The chances of it happening this decade have narrowed significantly: it is far easier to pull something off the table than put it back on.
We will hear plenty from ardent Remainers about how the UK is an irrelevance to the US, and it was fanciful to expect special treatment. We will be told that, now that we have left the EU bloc, we are a geopolitical irrelevance. But that ignores one fundamental issue.
A strong US domestic economy is not enough, we need a strong Western one as well to counter the growing Chinese threat.
It’s a threat Biden certainly seems to be taking seriously. Largely thanks to fracking, it has restored its energy independence, and reclaimed leadership of the oil industry.
Sanctions have been imposed on technology transfers with China, while tariffs have been imposed to protect crucial industries. It will take many more years to assess the full impact of all those policies, and whether they have succeeded or failed. But it is notable that Mexico has now overtaken China as America’s main trading partner.
And there are signs the Chinese industrial machine is slowing down, even if only modestly. The assumption that China would cruise effortlessly to global economic supremacy, that this would be the “Chinese century”, has started to falter.

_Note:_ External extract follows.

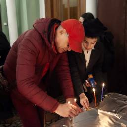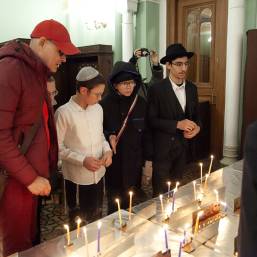 Все желающие смогли с помощью раввинов Синагоге и ребят из школы «Любавич» исполнить заповедь о зажигании ханукальных свечей.

That the US is adopting a strategy of “de-risking” from China is welcome. The current regime may prove to be perfectly benign, as its leaders insist, though recent moves towards upending the current rules-based international order suggest otherwise.
The chairman of the Foreign Affairs Select Committee, Alicia Kearns, earlier this year warned that its accelerating aggression poses an “alarming threat”, drawing some nations closer to a vision of “unruly autocracy”.
But America is missing a crucial section of the strategic jigsaw. Its dominance will be weakened if Britain, Germany, Italy, France, Japan, South Korea, Australia and its other Western allies are economically stagnating.
Clearly, it is not the job of Joe Biden to fix the domestic policy errors made by politicians in Westminster. But it can encourage them to nurture their own industries. It can make sure dollars flow through the global economy, and hold their value.
It can encourage American companies to invest globally, building expertise in countries friendly towards its values and interests. And the quickest way to achieve that is through free and open trade, for the simple reason that it makes everyone richer.
A US-UK trade deal would deliver enormous benefits to the UK of course. The US is our largest single market. Our exporters are rewarded by its expansion. But we are also the seventh largest partner for the US, measured by the volume of imports and exports.
The UK is the second largest corporate investor in the US after Japan. Collaboration with us will improve the US position when combatting challenges including repression in Hong Kong, genocide in Xinjiang, coercian aimed at Taiwan, Chinese government subsidies, and the widespread theft of cutting-edge Western intellectual property.
This same logic applies just as much to trade with Europe. Just as there is no trade deal between the US and the UK, there isn’t one between the US and European Union either (the Transatlantic Trade and Investment Partnership was scrapped in 2019 after years of negotiations).
A trade deal with Japan was finally signed in 2020, which should have set a blueprint for a future agreement with Britain.
A free trade agreement between the UK and the US, with similar legal and regulatory systems, should have been wrapped up in a year or two.
The only obstacle was President Biden’s petty protectionism. He is ceding economic leadership to China – at precisely the moment when the Western economies should be working together and fighting back.